◆ What you will do ◆
Everything in the listing below needs restating exactly, apart from the pictures.

◆ Dataset excerpt ◆
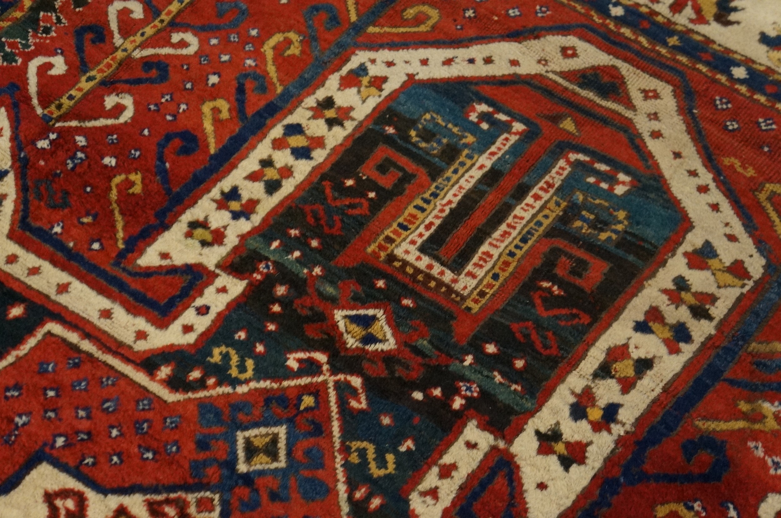 Antique Caucasian Caucasian Allover Knotted Rug, Country of Origin: Caucasus, Circa Date: 1860s. This exceptional example of 19th-century weaving hails from The Caucasus region. The piece displays the robust construction and bold, highly stylized geometric motifs characteristic of this provenance, representing a pure expression of nomadic artistry.
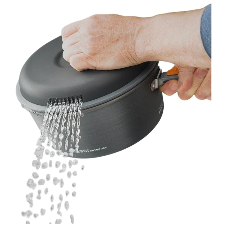 Pinnacle Ceramic Camper de la GSI Outdoors este un set de veselă ingenios conceput, care se adaptează nevoilor atât ale unei echipe de trekking de doi, cât și ale unei familii de patru persoane în camping. Conține tot ce este necesar pentru gătit și servit – două oale (2 și 3 litri) cu capace de strecurare, o tigaie, căni cu termobloc, boluri, farfurii și accesorii diferențiate pe culori pentru o identificare ușoară a seturilor individuale.
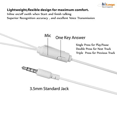 Hitage presents earphones with high-quality sound and long-lasting batteries. Hitage is a leading brand of mobile accessories and earphones. High-Performance headset has high sound quality, compact design with varied elegant color. Hitage wired earphones bring you a comfortable and fashionable life. Hitage enjoy high definition sound music with the stereo earphone which lets you take the advantage of listening to music and sound, offering the best of both worlds. Hitage has customized these earphones by giving customers what they were looking for: ultra-deep bass and tangle-free wires, earphones with mic and one key answer. They’re very light in weight and are very comfortable. Ergonomic design- Hitage wired earphones are ergonomically designed, flexible, lightweight, allowing you to comfortably wear them for long periods of time, the ear tips are soft and of excellent quality. High quality earphones- Hitage wired earphones are made of high-quality material, the headphones are durable and fashionable. The earphone design helps it withstand all kinds of wear-and-tear; any weather, any season, year in and year out. Built in microphone & multifunctional button- Wired headphones in-ear design combined with the correct ear tips will seal your music in and leave the external noise out and deliver natural clear and super-enhanced sound. These earbuds with a microphone are convenient for hands-free calling. One-button in-line remote gives you the power to easily answer and end phone calls, control songs play/pause, next song/prev. song, & volume up/ volume down. Wonderful gift choice for everyone- They will be one of the best gifts for your family and friends on the coming holiday and festivals. Reminder: Continuous use at high volumes may cause hearing damage.

◆ Exercise response ◆
 Antique Caucasian Caucasian Allover Knotted Rug, Country of Origin: Caucasus, Circa Date: 1860s. This exceptional example of 19th-century weaving hails from The Caucasus region. The piece displays the robust construction and bold, highly stylized geometric motifs characteristic of this provenance, representing a pure expression of nomadic artistry.
 Pinnacle Ceramic Camper de la GSI Outdoors este un set de veselă ingenios conceput, care se adaptează nevoilor atât ale unei echipe de trekking de doi, cât și ale unei familii de patru persoane în camping. Conține tot ce este necesar pentru gătit și servit – două oale (2 și 3 litri) cu capace de strecurare, o tigaie, căni cu termobloc, boluri, farfurii și accesorii diferențiate pe culori pentru o identificare ușoară a seturilor individuale.
 Hitage presents earphones with high-quality sound and long-lasting batteries. Hitage is a leading brand of mobile accessories and earphones. High-Performance headset has high sound quality, compact design with varied elegant color. Hitage wired earphones bring you a comfortable and fashionable life. Hitage enjoy high definition sound music with the stereo earphone which lets you take the advantage of listening to music and sound, offering the best of both worlds. Hitage has customized these earphones by giving customers what they were looking for: ultra-deep bass and tangle-free wires, earphones with mic and one key answer. They’re very light in weight and are very comfortable. Ergonomic design- Hitage wired earphones are ergonomically designed, flexible, lightweight, allowing you to comfortably wear them for long periods of time, the ear tips are soft and of excellent quality. High quality earphones- Hitage wired earphones are made of high-quality material, the headphones are durable and fashionable. The earphone design helps it withstand all kinds of wear-and-tear; any weather, any season, year in and year out. Built in microphone & multifunctional button- Wired headphones in-ear design combined with the correct ear tips will seal your music in and leave the external noise out and deliver natural clear and super-enhanced sound. These earbuds with a microphone are convenient for hands-free calling. One-button in-line remote gives you the power to easily answer and end phone calls, control songs play/pause, next song/prev. song, & volume up/ volume down. Wonderful gift choice for everyone- They will be one of the best gifts for your family and friends on the coming holiday and festivals. Reminder: Continuous use at high volumes may cause hearing damage.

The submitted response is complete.